Use in renal impairment Cozaar 100 mg
As a consequence of inhibiting the renin-angiotensin system in some susceptible patients had changes in renal function, including renal failure, these changes may disappear after cessation of therapy.
Cautions
Possible manifestation of the symptoms of hypersensitivity as angioedema.
In patients with reduced BCC (for example, treated with high doses of diuretics) can occur symptomatic hypotension. Correction of such conditions should be conducted prior to the appointment Cozaar or begin treatment with lower doses.
Disruption of water and electrolyte balance is characteristic of patients with renal failure with diabetes or without diabetes, so when a drug of this category of patients should be particularly careful. In clinical trials involving patients with type 2 diabetes with proteinuria, the incidence of hyperkalemia was higher in the group receiving Kozaar than in the placebo group. Several patients had to discontinue therapy due to hyperkalemia occurred.
These pharmacokinetic studies indicate that the concentration of losartan in plasma of patients with cirrhosis of the liver is greatly increased, so patients with liver disease in history to be prescribed the drug at a lower dose.
As a consequence of inhibiting the renin-angiotensin system in some susceptible patients had changes in renal function, including renal failure, these changes may disappear after cessation of therapy.

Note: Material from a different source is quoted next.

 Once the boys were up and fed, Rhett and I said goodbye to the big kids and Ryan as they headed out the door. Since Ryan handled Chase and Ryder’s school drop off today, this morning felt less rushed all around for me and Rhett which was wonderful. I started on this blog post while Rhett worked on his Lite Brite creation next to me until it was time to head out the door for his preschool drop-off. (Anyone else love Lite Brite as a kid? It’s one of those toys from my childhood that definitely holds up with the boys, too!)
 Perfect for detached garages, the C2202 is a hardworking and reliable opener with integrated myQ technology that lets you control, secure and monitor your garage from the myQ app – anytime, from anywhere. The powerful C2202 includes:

Some drugs that affect the renin-angiotensin system may increase the level of blood urea and serum creatinine in patients with bilateral renal artery stenosis or stenosis of the artery of a sole kidney. Reports on the occurrence of such effects when taking Cozaar, changes in renal function can disappear at the termination of therapy.
Use in Pediatrics Cozaar 100 mg
Safety and efficacy in children have not been established.
Overdose Cozaar 100 mg
For information about the overdose is limited. The most likely symptoms of overdose: marked reduction of blood pressure and tachycardia, bradycardia may occur due to parasympathetic stimulation.

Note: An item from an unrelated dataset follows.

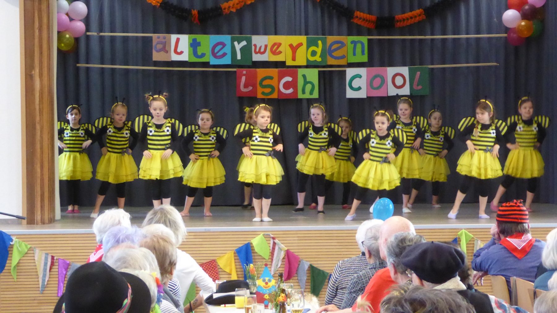 Nach der Kaffeepause sorgten wieder Gisela und Karl-Heinz mit bekannten Fasendliedern zum Singen und Schunkeln für Stimmung im Publikum. Der nächste Programmpunkt kündigte sich an, als 24 noch sehr sehr junge Tänzerinnen, angeführt von ihrer Choreografin Susi Dangl, in den Saal tänzelten. Eine Gruppe von Mädchen im Alter von 6 und 7 Jahren zeigten auf der Bühne zur Musik »Good to be alive« in wunderschönen Hippiekostümen eine gekonnte Tanzdarbietung, die sie nach Zugaberufen des Publikums gerne ein zweites Mal vorführten. Ganz entzückt waren die Seniorinnen und Senioren, als die 4- und 5-jährigen als Bienen gekleidet nach der Musik von Biene Maja einen eindrucksvollen Tanz auf die Bühne zauberten. Das begeisterte Publikum forderte eine Zugabe.
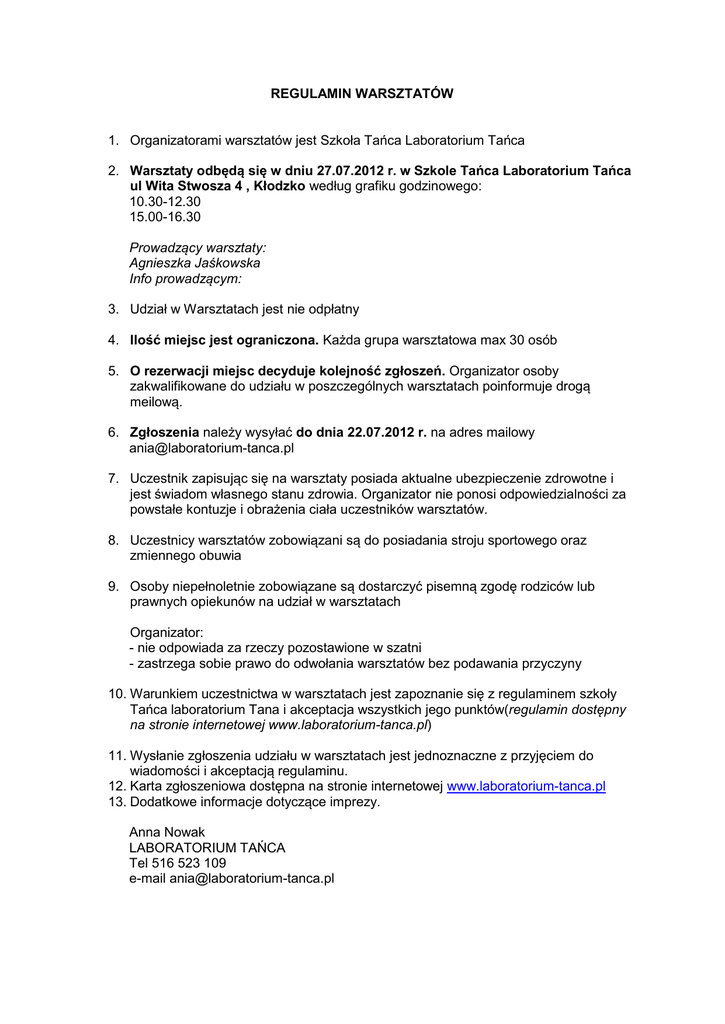 REGULAMIN WARSZTATÓW 1. Organizatorami warsztatów jest Szkoła Tańca Laboratorium Tańca 2. Warsztaty odbędą się w dniu 27.07.2012 r. w Szkole Tańca Laboratorium Tańca ul Wita Stwosza 4 , Kłodzko według grafiku godzinowego: 10.30-12.30 15.00-16.30 Prowadzący warsztaty: Agnieszka Jaśkowska Info prowadzącym: 3. Udział w Warsztatach jest nie odpłatny 4. Ilość miejsc jest ograniczona. Każda grupa warsztatowa max 30 osób 5. O rezerwacji miejsc decyduje kolejność zgłoszeń. Organizator osoby zakwalifikowane do udziału w poszczególnych warsztatach poinformuje drogą meilową. 6. Zgłoszenia należy wysyłać do dnia 22.07.2012 r. na adres mailowy [email protected] 7. Uczestnik zapisując się na warsztaty posiada aktualne ubezpieczenie zdrowotne i jest świadom własnego stanu zdrowia. Organizator nie ponosi odpowiedzialności za powstałe kontuzje i obrażenia ciała uczestników warsztatów. 8. Uczestnicy warsztatów zobowiązani są do posiadania stroju sportowego oraz zmiennego obuwia 9. Osoby niepełnoletnie zobowiązane są dostarczyć pisemną zgodę rodziców lub prawnych opiekunów na udział w warsztatach Organizator: - nie odpowiada za rzeczy pozostawione w szatni - zastrzega sobie prawo do odwołania warsztatów bez podawania przyczyny 10. Warunkiem uczestnictwa w warsztatach jest zapoznanie się z regulaminem szkoły Tańca laboratorium Tana i akceptacja wszystkich jego punktów(regulamin dostępny na stronie internetowej www.laboratorium-tanca.pl) 11. Wysłanie zgłoszenia udziału w warsztatach jest jednoznaczne z przyjęciem do wiadomości i akceptacją regulaminu. 12. Karta zgłoszeniowa dostępna na stronie internetowej www.laboratorium-tanca.pl 13. Dodatkowe informacje dotyczące imprezy. Anna Nowak LABORATORIUM TAŃCA Tel 516 523 109 e-mail [email protected]

Treatment: symptomatic therapy. Losartan and its active metabolite are not removed from the circulation by hemodialysis.
Drug Interactions Cozaar 100 mg
There were no clinically significant drug interactions with drugs like hydrochlorothiazide, digoxin, warfarin, cimetidine, phenobarbital, ketoconazole and erythromycin.
Rifampin and fluconazole reduced the level of active metabolite. The clinical significance of these interactions is not known.
As with other means of blocking the formation of angiotensin II and its effects, concomitant appointment of potassium-sparing diuretics (spironolactone, triamterene, amiloride), potassium supplements and salt containing potassium may lead to an increase in serum potassium.
NSAIDs, including selective COX-2 inhibitors, can reduce the effect of diuretics and other antihypertensive drugs. Therefore, the hypotensive effect of angiotensin II receptor antagonists may be attenuated by coadministration with NSAIDs, including selective COX-2 inhibitors.
In some patients with impaired renal function who were treated with NSAIDs, including selective COX-2 inhibitors, concomitant use of angiotensin II receptor antagonists may cause a further deterioration of renal function. Typically, this effect is reversible.